Generally speaking, the world’s universities are funded by governments. They offer higher education. Period! Students organize their own room and board and recreation. They are adults: their academic progress is their own responsibility; their health and safety theirs and the public’s. So universities are (relatively) cheap.

American universities and colleges are different. Governments pay relatively little; parents bear a large responsibility for higher education. Typical (full-time, residential) undergraduates are seen as children requiring academic counseling, mental and physical health care, room and board (preferably luxurious) and limitless recreation opportunities. So college is expensive.

And American colleges offer a wide range of benefits. Are you most concerned about intellectual development? Social networks? Immediate or long-term job prospects? Decide and choose.

What you pay depends on wealth, income, and knowledge. Need-based aid is what it says it is. “Merit aid” is another matter. It’s colleges’ bargaining tool for the middle classes (the rich pay sticker price). Colleges want to buy the best student who can’t or won’t pay sticker price. The better you look academically, the better the offer. Lieber discusses bargaining techniques.

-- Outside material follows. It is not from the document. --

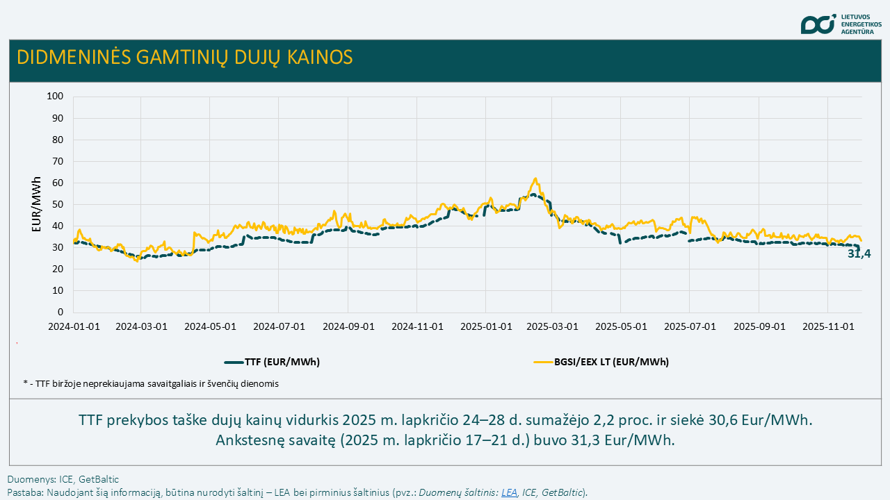 Didmeninė vidutinė dujų kaina Nyderlandų prekybos taške TTF per savaitę sumažėjo 2,2 proc. – kainų vidurkis lapkričio 24–28 d. sudarė 30,6 Eur/MWh. Ankstesnę savaitę buvo 31,3 Eur/MWh. Gamtinių dujų kainų mažėjimą lėmė stabilus suskystintų gamtinių dujų tiekimas į Europą.

High school sophomores: with scholarships, prizes, need-based and merit aid, work-study, and, if necessary, government-backed loans, you can go to a “good” college. If, that is, you take the right courses and get the right grades: a working agenda. Teachers, counselors, families can help. But essentially it’s up to the student.

If you, student or parent, need to investigate what colleges provide, what discounts they offer to whom, what’s the real scoop on loans, this book may be for you. Lieber spells out the value and availability of institutional and government websites, surveys, and studies. (Guidance counselors, if they don’t already know all this, should consult The Price.) It could be a contraceptive device: read it early and you may rethink your chosen number of children.

David R Jones worries about the cost of college.